Friday, March 12, 2010

The Good Life

I don't know how to say this more plainly. This is simply one of the best places on earth to live. Deering, AK is small and teeters haphazardly on the far edge of the earth. It is as remote as you can imagine. It is silent except for the forlorn whine of the snow machines passing by and great gusts of snow laden wind. At this time of year the white horizon encircles every inch. The snow reflects the fresh rays of sun until it is the brightest day you can imagine. The bluff crests resolutely to the west. This is one HECK of a landscape!
It is hard to convince you lower 48ers that though amenities are sparse and some comforts are hard to come by that we find beauty and pleasure here.
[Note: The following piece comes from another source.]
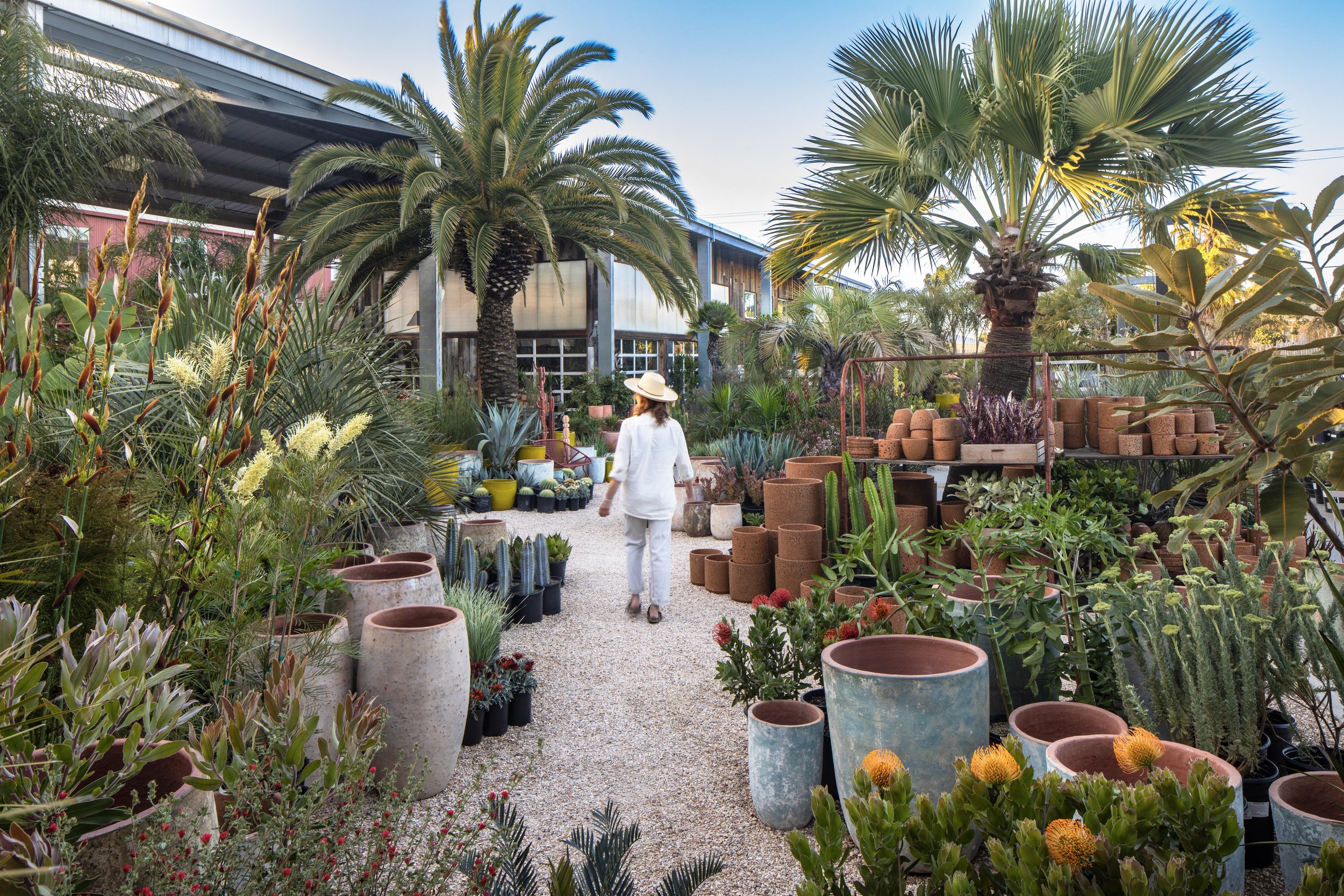 Flora Grubb Gardens brings our vision for the California Garden to the west side of Los Angeles. After twenty years with a single retail store in San Francisco, we have a second location in Marina del Rey. The two acre store has tons of room for the lush and artful displays of outdoor furniture and pottery arranged in an inviting garden-like setting, and can easily accommodate the full bounty of plants that we grow on our farm in the beautiful Rainbow Valley.

These are our small, but significant pleasures here in the Arctic.
Bush life has grown increasingly manageable. The bush has recently welcomed cell phones. Texting has become the new pink. It is so "in" it is hard to imagine what kids did before texting. We have satellite telephones. That is old news. They have been around for at least 30 years. We have high speed internet and on top of that we are able to have wireless internet in our home. Four classrooms in the school have Smart Boards even. We have hit the big time.We watch our Netflix and we seem to have weekly packages arriving from Amazon. We rock out to Pandora. I listen to podcasts of sermons from my sister's church.
We receive a box of organic produce delivered to our door each week. This has translated into some culinary delights coming from our kitchen. We really do eat like kings. Tonight for instance we had homemade pizza. I made the dough from scratch. The green pepper and mushroom came in our box from Full Circle Farm. We grabbed some pepperoni and mozzarella that we have frozen for just such an occasion. It was delectable and dare I say it, wholesome. Pizza Hut has nothing on us.
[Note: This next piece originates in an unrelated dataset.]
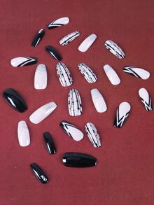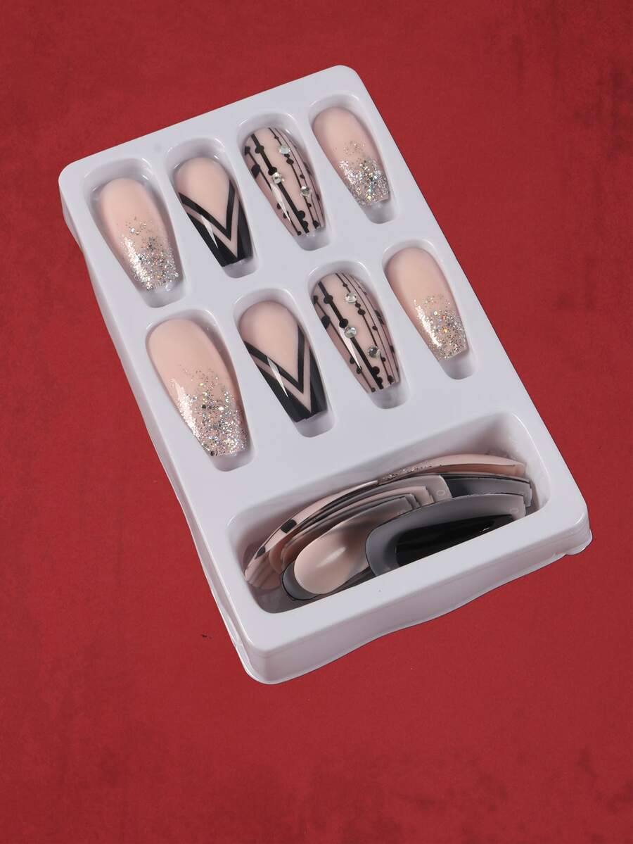 24pcs Long Coffin 3D Rhinestone Decor Fake Nail & 1sheet Tape

We do have amenities like a washer and a dryer. We also have a dish washer (her name isn't Jiorgia). We bought a 15 cu. ft. chest freezer in October to handle our abundance of fish. When Paul goes into Anchorage throughout the school year he comes home with plenty of frozen/refrigerated food. Unfortunately sour cream doesn't freeze well and neither do raw potatoes. It is a shame, really.
We live 40 feet from the school. That means if we get a hankerin' to see Dadoo we just pull on our parka and head on over. Paul's doesn't have to get up super early to weave through traffic just to get to work. When he wants a another cup of his special decaf coffee, he just trots on  home to get some.
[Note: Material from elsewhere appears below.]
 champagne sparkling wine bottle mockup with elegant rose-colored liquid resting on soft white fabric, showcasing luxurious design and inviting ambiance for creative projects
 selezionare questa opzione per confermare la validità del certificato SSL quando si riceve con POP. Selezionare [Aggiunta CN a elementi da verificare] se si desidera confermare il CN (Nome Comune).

We have flush toilets and running, indoor water. We have Gore-tex and goose down. We have polar fleece and synthetic long underwear. We have bunny boots and alpaca socks. Our house, during the day fluctuates from 68 to 72 degrees. We have companionship in each other and plenty of visitors. The kids come to play and we have a few folks here and there who come for a bit of tea and a good conversation.
We have laughter and humor. We have games and good old fashion fun. In describing our adventure to a a friend from the lower 48, she replied, "You guys are living the real life, all this down here is just fake." We couldn't agree more. When you strip the lower 48 of shopping centers, urban sprawl, traffic and crowds of anonymous faces you might find some of what we have got here...the GOOD life!!!!

Other news:
So I guess that March weather is sort of iffy so to speak. Tuesday was the beginning of a 3 day blizzard. The wind was enough to drive anyone quickly to his/her destination. The snow is as fine as desert sand. It whips through the air stinging your face. It is like a cooling micro-derm abrasion.